Updated by itfabrica Tech over 3 years ago
Good day! I confirm the problem, I created a ticket, but I was told that this is not an error
https://redmine.pfsense.org/issues/11542#change-51602
Updated by Stéphane BARBARAY over 3 years ago
The problem is maybe not directly related, but I encountered this too, and if you wait 5mn before trying to reconnect without restarting openvpn service then it work again, but if you restart openvpn service then bind will stop processing queries because an interface disappeared then reappeared... So that the two combined problems are really annoying (to be polite)
Updated by Azamat Khakimyanov 5 months ago
- Status changed from New to Resolved
I was able to reproduce this issue on 2.5.0 CE (Bind 9.16_10).

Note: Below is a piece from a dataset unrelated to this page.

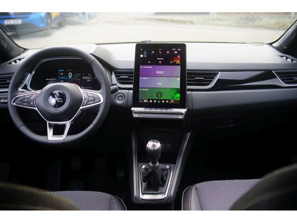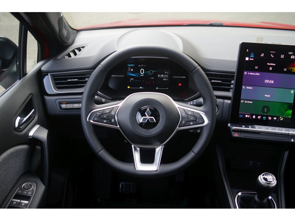 6 reproduktorů, Plně digitální přístrojový panel se 7" TFT displejem, Bezdrátové nabíjení mobilního telefonu, Datový a nabíjecí vstup USB-C na předním panelu (x2), Ovládání audiosystému pod volantem, Audiosystém 10,4", podpora bezdrátového Android Auto™ a CarPlay®, Bluetooth®, autorádio AM/FM/DAB (SDA), Automatické aktualizace multimediálního systému, Tlačítko pro nouzové přivolání pomoci (E-Call), Nabíjecí vstup USB-C v zadní části středové konzoly (x2), Propojení s vozidlem a ovládání vybraných funkcí pomocí mobilní aplikace Mitsubishi Motors, 3bodový bezpečnostní pás na předních sedadlech s předpínačem a omezovačem zátěže (x2), Sada pro nouzovou opravu pneumatik, Systém pro analýzu pozornosti řidiče, 3bodový bezpečnostní pás na zadních sedadlech (x3) s předpínačem a omezovačem zátěže (x2), Systém sledování dopravní situace za vozidlem při couvání (RCTA), Systém signalizace nouzového brzdění (ESS), Systém předcházení a zmírňování následků čelního nárazu s detekcí chodců a cyklistů (FCM), Systém sledování mrtvého úhlu (BSW), Systém kontroly tlaku v pneumatikách (TPMS), Antiblokovací brzdový systém (ABS), Dětská pojistka zámků zadních dveří, Multikolizní brzda, Výškově nastavitelné horní úchyty bezpečnostních pásů na předních sedadlech (x2), Elektronický systém rozdělení brzdného účinku (EBD), Elektronický imobilizér, Systém aktivního řízení stability (ASC), Hlavové (okenní) airbagy vpředu (x2), Upozornění na dodržování bezpečného odstupu, Asistent pro bezpečné opuštění vozidla, Systém elektronického řízení trakce (TCL), Možnost uložení vlastního nastavení bezpečnostních asistentů (My Safety Perso), Systém rozpoznávání dopravních značek upravujících rychlost (TSR) s inteligentním asistentem pro dodržení povolené rychlosti, Čelní airbagy řidiče a spolujezdce (x2), spínač deaktivace airbagu spolujezdce, Asistent rozjezdu do kopce (HSA), Systém monitorování a podpory udržování jízdního pruhu (LDW), Nouzový brzdový asistent (EBA), Spodní kryt předního nárazníku leskle černý, Přední a zadní nárazník v barvě karoserie, Disky kol z lehkých slitin 19" černostříbrné + pneumatiky 225/45 R19, Prostřední boční dveřní sloupek v černé barvě, Tónovaná skla, přední sklo bezpečnostní laminované, zadní pevnostní temperované, Parkovací kamera vzadu s projekcí na displeji audiosystému, Střešní anténa typu Shark fin v leskle černé barvě, Leskle černá mřížka chladiče s chromovými akcenty, Zatmavená zadní boční skla a zatmavené zadní sklo, Elektricky ovládaná, vyhřívaná a sklopná vnější zpětná zrcátka v leskle černé barvě s ukazateli směru, Plastové lemy blatníků (černé), Spodní část zadního nárazníku leskle černá, Zadní střešní spoiler v barvě karoserie, Parkovací senzory vpředu, vzadu a na boční straně (x12), Spodní kryt zadního nárazníku stříbrný, Ochranné spodní lemy dveří leskle černé, Kliky dveří v barvě karoserie, Černé přední sloupky, Funkce dvojitého dna v zavazadlovém prostoru, Přihrádky s držáky nápojů ve výplních předních a zadních dveří, Sluneční clona u řidiče a spolujezdce s LED osvětleným kosmetickým zrcátkem a držákem lístků, LED osvětlení přední části interiéru, Syntetickou kůží obšitý 3ramenný multifunkční volant, Osvětlení zavazadlového prostoru, Chromované vnitřní kliky dveří, LED osvětlení zadní části interiéru, Držáky nápojů vpředu ve středové konzole (x2), Tmavěšedé čalounění stropu, Kryt zavazadlového prostoru, Ambientní podsvícení interiéru, Palubní deska s měkkým obložením, Leskle černé dekory palubní desky, Osvětlená odkládací schránka na straně spolujezdce, Posuvná středová loketní opěrka vpředu s úložným prostorem, Bezrámečkové vnitřní zpětné zrcátko s automatickým stmíváním, Elektronický zámek pátých dveří s dotykovým ovládáním, Elektrické ovládání předních a zadních oken s funkcí AUTO a ochranou proti přivření, Výškově a podélně nastavitelný volant, Komfortní funkce ostřikovače předního skla, Elektrický posilovač řízení (EPS) s variabilním účinkem, Možnost vlastního nastavení jízdních režimů (My Sense), Centrální zamykání dveří s dálkovým ovládáním a dvěma ovladači, Automatická klimatizace s pylovým filtrem, Palubní počítač, ukazatel vnější teploty, Elektrická zásuvka 12V (v přední části středové konzoly) (x1), Elektricky ovládané páté dveře (ovládání pohybem nohy pod zadním nárazníkem), Inteligentní systém bezklíčového ovládání centrálního zamykání s tlačítkem START/STOP, Vyhřívaný volant, Elektrická zásuvka 12V (v zadní části středového tunelu) (x1), Dešťový senzor, Vyhřívané čelní sklo, Systém automatického zastavení a nastartování motoru (AS&G), Elektrická parkovací brzda (EPB) s funkcí Auto Hold, Výdechy ventilace pro zadní cestující (pod předními sedadly a v zadní části středového tunelu), Výškově nastavitelné opěrky hlavy na předních sedadlech (x2), Sedadla ve druhé řadě dělená v poměru 60:40, Posuvná lavice zadního sedadla (160 mm), Výškově nastavitelné opěrky hlavy na zadních sedadlech (x3), Výškově nastavitelné sedadlo spolujezdce, Ukotvení dětské bezpečnostní sedačky ISOFIX (x1 na místě spolujezdce, x2 na zadních sedadlech), Kapsy na zadní straně opěradla řidiče a spolujezdce, Látkové čalounění sedadel černé / šedé, Výškově nastavitelné sedadlo řidiče, Zadní mlhové světlo integrované v nárazníku, Automatická dálková světla (AHB), Přední LED světlomety s manuálním nastavením sklonu, Senzor automatického rozsvěcení světel, Přední

With active and working Bind, so I was able to resolve FQDNs using dig @127.0.0.1 <domain name> command, I created a new OpenVPN client to another pfSense OpenVPN Server, and immediately after I created this OpenVPN tunnel
Jun 17 09:39:58 kernel tun1: changing name to 'ovpnc1' Jun 17 09:39:58 php-fpm 360 OpenVPN PID written: 44957 Jun 17 09:39:58 check_reload_status 389 Reloading filter Jun 17 09:39:59 kernel ovpnc1: link state changed to UP Jun 17 09:39:59 check_reload_status 389 rc.newwanip starting ovpnc1 Jun 17 09:40:00 php-fpm 360 /rc.newwanip: rc.newwanip: Info: starting on ovpnc1. Jun 17 09:40:00 php-fpm 360 /rc.newwanip: rc.newwanip: on (IP address: 10.205.200.2) (interface: []) (real interface: ovpnc1). Jun 17 09:40:00 php-fpm 360 /rc.newwanip: rc.newwanip called with empty interface. Jun 17 09:40:00 check_reload_status 389 Reloading filter Jun 17 09:40:00 php-fpm 360 /rc.newwanip: pfSense package system has detected an IP change or dynamic WAN reconnection - -> 10.205.200.2 - Restarting packages. Jun 17 09:40:00 check_reload_status 389 Starting packages Jun 17 09:40:01 php-fpm 360 /rc.start_packages: Restarting/Starting all packages.

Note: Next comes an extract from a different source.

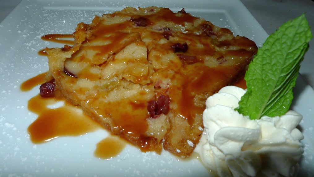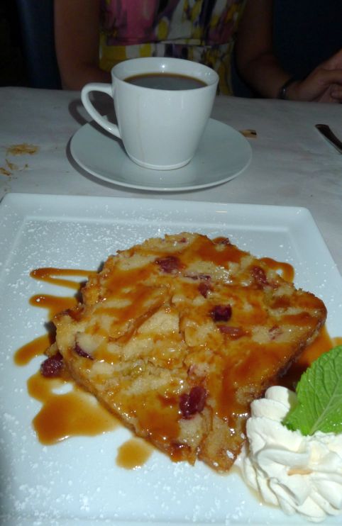 For dessert I choose PAIN PERDU, a bread pudding with raisins, cranberry, rum caramel sauce and whipped cream.

Bind stopped on all interfaces. In DNS log I got
Jun 17 09:39:59 named 14375 listening on IPv4 interface ovpnc1, 10.205.200.2#53 Jun 17 09:39:59 named 14375 creating IPv4 interface ovpnc1 failed; interface ignored Jun 17 09:40:01 named 14375 received control channel command 'sync -clean' Jun 17 09:40:01 named 14375 dumping all zones, removing journal files: success Jun 17 09:40:01 named 14375 received control channel command 'stop -clean' Jun 17 09:40:01 named 14375 no longer listening on 192.168.122.200#53 Jun 17 09:40:01 named 14375 no longer listening on 172.31.200.1#53 Jun 17 09:40:01 named 14375 no longer listening on 127.0.0.1#53 Jun 17 09:40:01 named 14375 shutting down: flushing changes Jun 17 09:40:01 named 14375 stopping command channel on 127.0.0.1#8953
/Status/Services showed that named was still active.

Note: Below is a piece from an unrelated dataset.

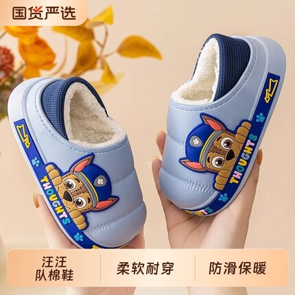 汪汪队儿童棉鞋男童秋冬季防水防滑棉拖鞋女童宝宝新毛毛包跟拖鞋

Restarting of named service changed nothing. And I wasn't able to stop it because of this
Jun 17 10:11:19 php-fpm 360 /status_services.php: The command '/usr/local/etc/rc.d/named.sh stop' returned exit code '126', the output was 'sh: /usr/local/etc/rc.d/named.sh: Permission denied'
After reboot, named started to work as usual BUT after reconnecting OpenVPN it failed again.
I retested this config on 24.03 (Bind 9.17) and creation, restarting and disabling/enabling OpenVPN had no effect on Bind. It continued working.
I marked this Regression as resolved.